— Возьмите, — протягивая мужчине половинку мандарина, сказала она.
Они ели молча. Сладкий сок пощипывал Нинин язык. Во рту разлилось немыслимое блаженство, а в голову закралась беспокойная мысль: «А где та красивая женщина?»
Съев последнюю дольку, мужчина улыбнулся так, словно они вместе участвовали в какой-то шалости. Улыбка была безмятежной, почти мальчишеской. Взрослые так не улыбаются. Казалось, беды и голод никогда не касались этого человека. Даже небольшая неровность зубов не портила общее впечатление от его красоты, а Нина находила в этом определенный шарм.
Набравшись храбрости, она тихонько спросила:
— Почему все расходятся?
Незнакомец едва сдержал смех.
— Вы, похоже, новичок на таких мероприятиях? — Понизив голос, он добавил: — Так заведено: приход обязателен, затем все напиваются по полной, а после десерта расходятся.
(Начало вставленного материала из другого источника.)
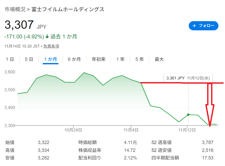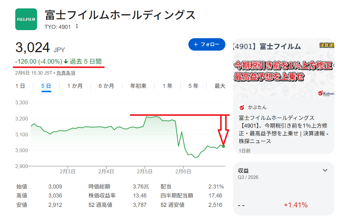 富士フイルムの株価は2025年度Q2の決算発表後に下落しました。決算自体は好決算だったと思いますが、株価は何故下落したのでしょうか?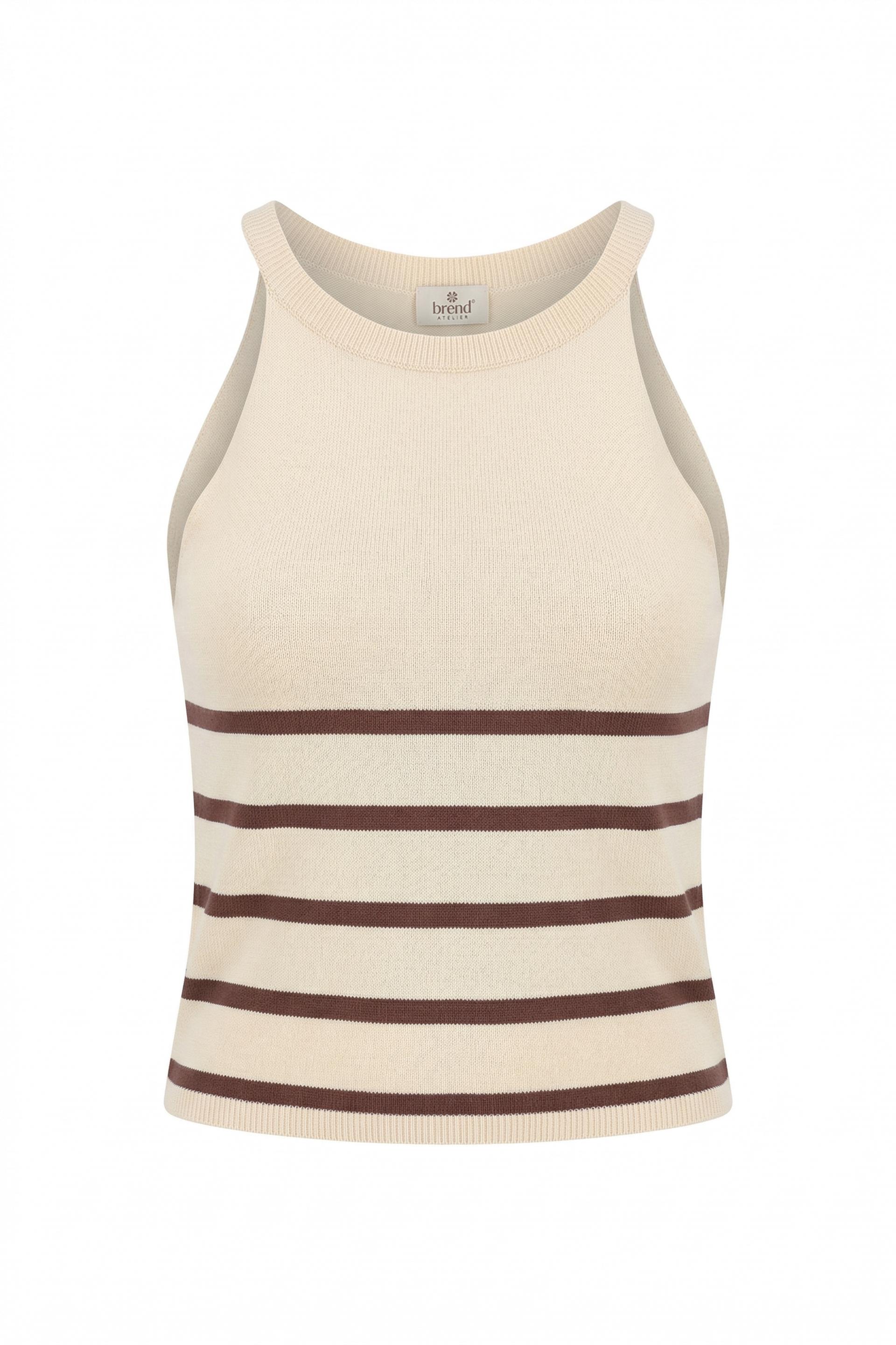 | Top in maglia di viscosa con dettaglio di righe a contrasto frontali. | ||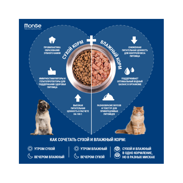 Рекомендуемую суточную порцию можно разделить на 2-3 приема кормления (см. таблицу на упаковке или на сайте). Индивидуальные потребности в питании могут отличаться в зависимости от размера, возраста и уровня активности животного. Данные предписания носят исключительно рекомендательный характер. Для достижения оптимального состояния животного может потребоваться изменения рациона. Переход на новый корм должен происходить в течение недели или более. Всегда оставляйте постоянный доступ к чистой питьевой воде. После вскрытия хранить в холодильнике и использовать в течение 2 дней (подробнее см. на упаковке). Корм для домашних животных не предназначен для употребления в пищу человеку.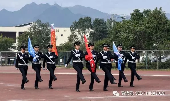 開幕式上,溫州市保安服務(wù)總公司作為此次活動的冠名單位,表演國旗入場與升旗儀式。當(dāng)護旗手昂首挺胸,邁著堅定的步伐,踏過嶄新的跑道,一路護送國旗走向主席臺,伴隨著慷慨激昂的《義勇軍進行曲》,五星紅旗冉冉升起,正式拉開了技能競賽活動的序幕,極大地鼓舞了隊員們的參賽士氣。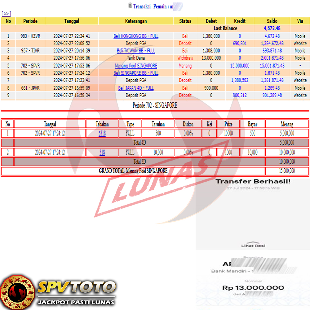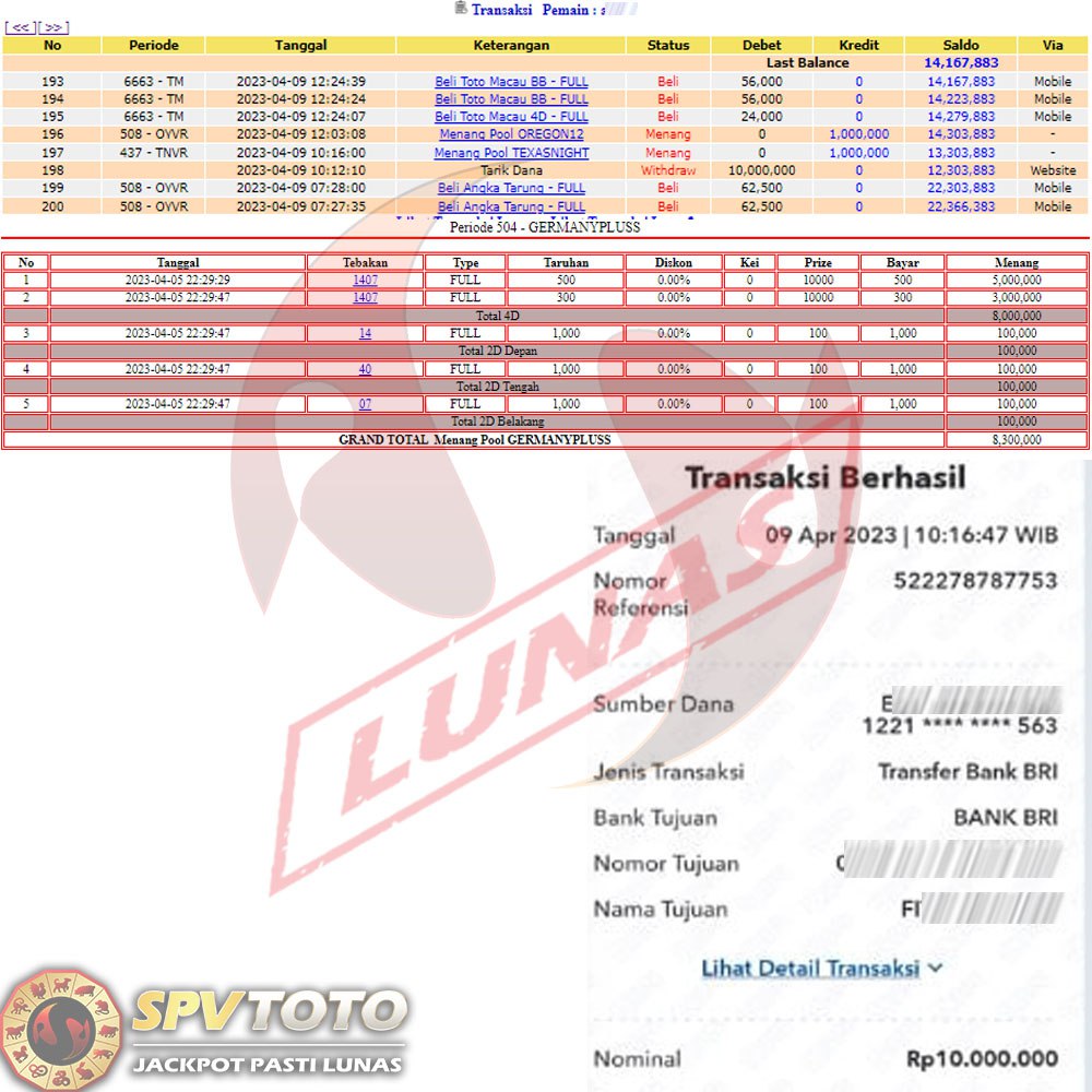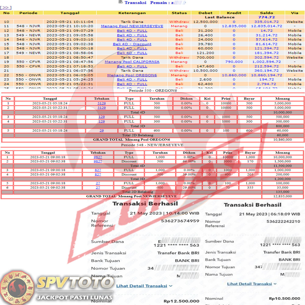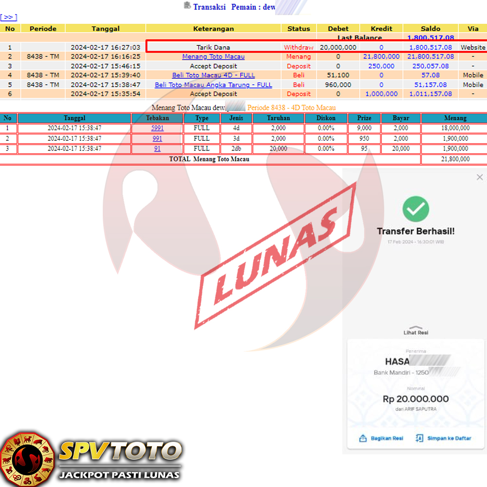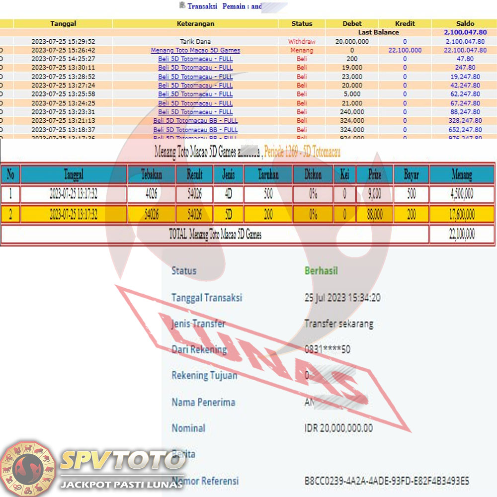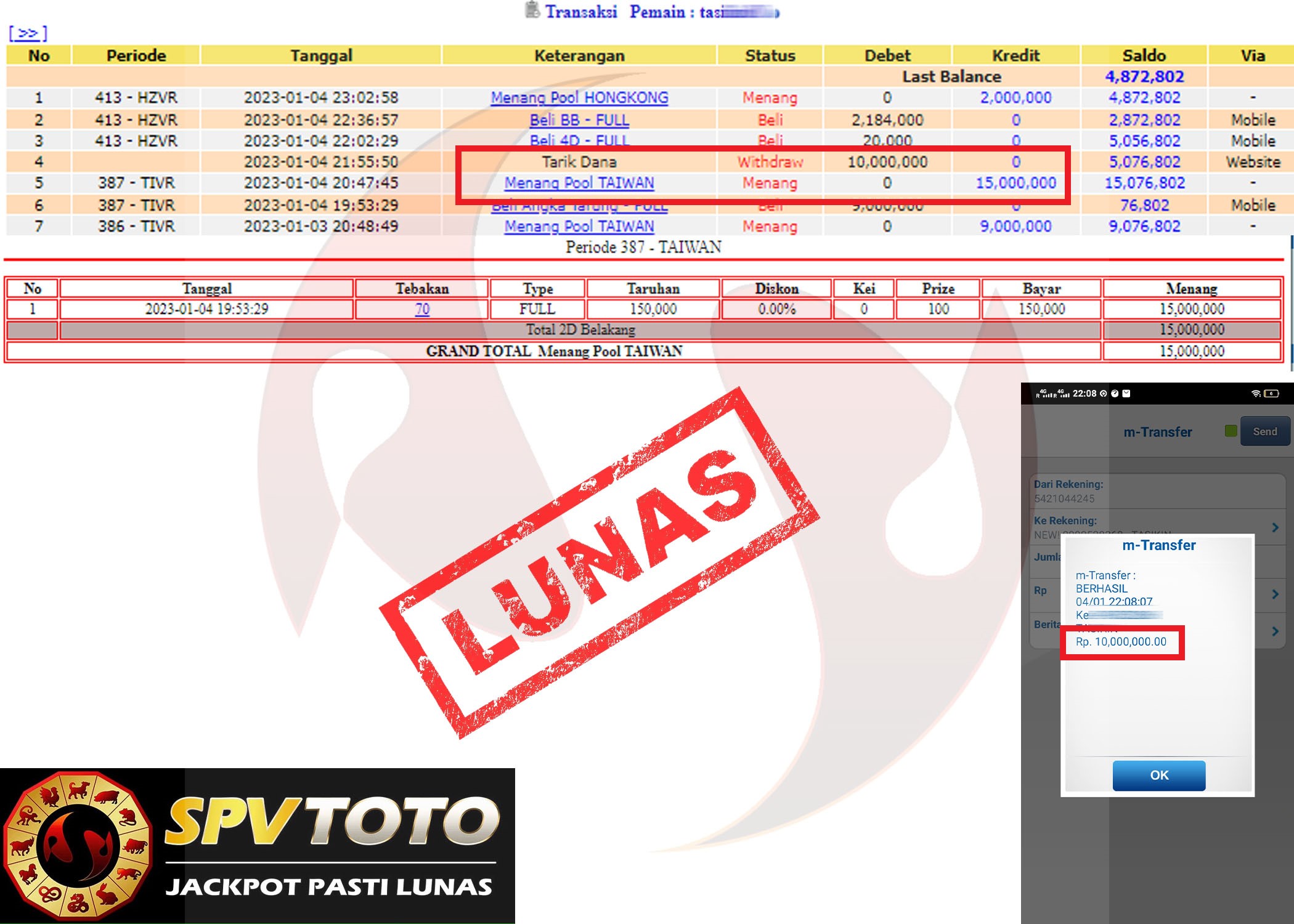 SELAMAT KEPADA MEMBER YANG MENDAPATKAN JACKPOT DI SPVTOTO

Откровенность мужчины придала Нине храбрости.
— А как же голландские гости…
— Вы и сами знаете, что дружелюбие по отношению к иностранцам чревато…
У мужчины был такой вид, словно он только что выдал остроумнейшую фразу.
— А-а, Виктор Алексеевич, вот вы где!
К ним подошел Владимир Фролов из политпросвета. Нина часто видела его в театре. Невысокий мужчина с мужественным, всегда улыбающимся лицом. Разделенные пробором волосы. Седина на висках.
— Мои поздравления! А-а, Бабочка, и вы здесь! Добрый вечер! Как замечательно, что вы еще не ушли! — Фролов взял ее руку, которая пахла мандарином, и поцеловал.
— Полностью с вами согласен, — сказал Виктор.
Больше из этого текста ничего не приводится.